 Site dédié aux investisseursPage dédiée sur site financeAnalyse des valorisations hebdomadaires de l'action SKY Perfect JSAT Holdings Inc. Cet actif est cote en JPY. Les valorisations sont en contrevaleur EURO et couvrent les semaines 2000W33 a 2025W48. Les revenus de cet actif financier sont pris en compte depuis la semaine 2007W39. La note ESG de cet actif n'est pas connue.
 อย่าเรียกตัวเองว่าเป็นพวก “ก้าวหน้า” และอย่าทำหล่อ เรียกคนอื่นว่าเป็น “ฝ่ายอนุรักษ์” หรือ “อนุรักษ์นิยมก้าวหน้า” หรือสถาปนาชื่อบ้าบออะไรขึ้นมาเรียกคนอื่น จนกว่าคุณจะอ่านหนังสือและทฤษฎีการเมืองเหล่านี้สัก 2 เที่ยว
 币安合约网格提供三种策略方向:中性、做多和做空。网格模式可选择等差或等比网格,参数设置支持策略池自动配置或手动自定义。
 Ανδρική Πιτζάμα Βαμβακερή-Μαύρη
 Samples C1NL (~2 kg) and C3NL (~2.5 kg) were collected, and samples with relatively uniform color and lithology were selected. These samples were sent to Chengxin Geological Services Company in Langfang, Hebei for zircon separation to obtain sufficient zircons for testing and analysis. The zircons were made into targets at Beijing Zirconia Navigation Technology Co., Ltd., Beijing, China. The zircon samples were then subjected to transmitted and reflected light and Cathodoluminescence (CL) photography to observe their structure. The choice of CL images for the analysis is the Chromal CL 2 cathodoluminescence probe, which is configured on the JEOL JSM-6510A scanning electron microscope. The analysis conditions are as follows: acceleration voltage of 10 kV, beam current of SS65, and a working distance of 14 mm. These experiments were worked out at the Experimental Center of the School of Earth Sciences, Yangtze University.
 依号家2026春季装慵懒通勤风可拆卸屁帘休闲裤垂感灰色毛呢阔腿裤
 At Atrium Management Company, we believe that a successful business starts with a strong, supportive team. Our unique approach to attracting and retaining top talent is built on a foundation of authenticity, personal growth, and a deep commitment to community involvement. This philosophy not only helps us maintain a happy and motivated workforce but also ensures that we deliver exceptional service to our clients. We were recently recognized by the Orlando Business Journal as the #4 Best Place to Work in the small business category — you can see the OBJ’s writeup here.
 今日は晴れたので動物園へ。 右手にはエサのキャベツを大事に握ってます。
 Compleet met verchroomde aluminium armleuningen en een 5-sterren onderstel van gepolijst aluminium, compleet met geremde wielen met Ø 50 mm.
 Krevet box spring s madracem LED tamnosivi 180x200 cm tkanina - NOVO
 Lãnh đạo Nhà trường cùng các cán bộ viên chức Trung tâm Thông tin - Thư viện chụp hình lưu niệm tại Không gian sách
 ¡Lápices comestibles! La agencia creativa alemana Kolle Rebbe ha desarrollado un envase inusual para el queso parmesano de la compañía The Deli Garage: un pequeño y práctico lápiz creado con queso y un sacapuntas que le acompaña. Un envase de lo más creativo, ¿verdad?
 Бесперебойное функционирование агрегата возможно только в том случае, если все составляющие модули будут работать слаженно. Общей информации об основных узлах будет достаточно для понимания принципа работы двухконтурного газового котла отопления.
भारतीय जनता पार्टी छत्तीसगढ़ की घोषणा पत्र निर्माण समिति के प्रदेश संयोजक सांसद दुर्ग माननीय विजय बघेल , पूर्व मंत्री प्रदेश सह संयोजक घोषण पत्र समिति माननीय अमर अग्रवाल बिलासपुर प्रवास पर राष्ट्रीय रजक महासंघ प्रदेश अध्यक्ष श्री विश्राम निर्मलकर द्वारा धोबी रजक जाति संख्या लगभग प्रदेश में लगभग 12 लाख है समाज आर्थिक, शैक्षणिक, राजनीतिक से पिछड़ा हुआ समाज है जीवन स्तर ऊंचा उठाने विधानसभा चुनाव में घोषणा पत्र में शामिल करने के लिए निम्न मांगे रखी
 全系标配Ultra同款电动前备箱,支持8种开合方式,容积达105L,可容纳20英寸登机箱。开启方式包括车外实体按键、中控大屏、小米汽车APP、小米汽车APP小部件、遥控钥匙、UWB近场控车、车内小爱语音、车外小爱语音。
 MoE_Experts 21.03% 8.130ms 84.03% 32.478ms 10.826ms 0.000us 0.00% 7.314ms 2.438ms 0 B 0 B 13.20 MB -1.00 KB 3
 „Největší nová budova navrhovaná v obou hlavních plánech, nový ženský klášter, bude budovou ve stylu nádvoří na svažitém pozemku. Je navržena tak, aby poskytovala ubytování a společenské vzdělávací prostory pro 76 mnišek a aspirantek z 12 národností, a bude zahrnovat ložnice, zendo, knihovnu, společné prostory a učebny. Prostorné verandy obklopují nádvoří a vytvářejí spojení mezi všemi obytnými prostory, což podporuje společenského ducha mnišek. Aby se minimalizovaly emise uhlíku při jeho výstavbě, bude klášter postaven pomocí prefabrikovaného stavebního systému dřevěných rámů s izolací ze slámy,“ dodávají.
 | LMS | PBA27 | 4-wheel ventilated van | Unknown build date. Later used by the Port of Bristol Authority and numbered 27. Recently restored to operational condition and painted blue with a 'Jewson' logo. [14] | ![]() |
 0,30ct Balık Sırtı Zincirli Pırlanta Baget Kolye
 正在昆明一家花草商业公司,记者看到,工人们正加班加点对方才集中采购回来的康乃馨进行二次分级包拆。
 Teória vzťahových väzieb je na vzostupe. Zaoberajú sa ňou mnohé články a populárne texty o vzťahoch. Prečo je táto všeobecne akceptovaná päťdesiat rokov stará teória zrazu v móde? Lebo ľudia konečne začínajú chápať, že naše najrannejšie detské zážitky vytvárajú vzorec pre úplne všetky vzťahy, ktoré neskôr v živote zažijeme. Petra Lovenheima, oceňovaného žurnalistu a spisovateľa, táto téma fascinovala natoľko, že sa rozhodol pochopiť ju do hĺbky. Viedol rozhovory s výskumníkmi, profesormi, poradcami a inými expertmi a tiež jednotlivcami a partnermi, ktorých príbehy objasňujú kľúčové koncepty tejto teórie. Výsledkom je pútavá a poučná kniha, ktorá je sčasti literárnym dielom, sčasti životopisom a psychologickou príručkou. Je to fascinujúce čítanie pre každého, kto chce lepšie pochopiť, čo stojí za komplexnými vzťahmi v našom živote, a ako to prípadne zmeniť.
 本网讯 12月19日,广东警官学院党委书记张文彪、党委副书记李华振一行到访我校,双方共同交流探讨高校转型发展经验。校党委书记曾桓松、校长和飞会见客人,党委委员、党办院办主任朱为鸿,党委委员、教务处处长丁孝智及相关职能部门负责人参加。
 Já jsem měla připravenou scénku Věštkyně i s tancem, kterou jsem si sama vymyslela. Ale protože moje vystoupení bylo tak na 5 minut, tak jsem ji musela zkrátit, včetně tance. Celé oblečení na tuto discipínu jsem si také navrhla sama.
◆ ◆ ◆ ◆
(EXERCISE OBJECTIVE) The reply should consist solely of the lines above from the one that has "今日は晴れたので動物園へ。 右手にはエサのキャベツを大事に握ってます。" through the one that has "Krevet box spring", reproduced exactly.

(ANSWER TO THE EXERCISE)
 今日は晴れたので動物園へ。 右手にはエサのキャベツを大事に握ってます。
 Compleet met verchroomde aluminium armleuningen en een 5-sterren onderstel van gepolijst aluminium, compleet met geremde wielen met Ø 50 mm.
 Krevet box spring s madracem LED tamnosivi 180x200 cm tkanina - NOVO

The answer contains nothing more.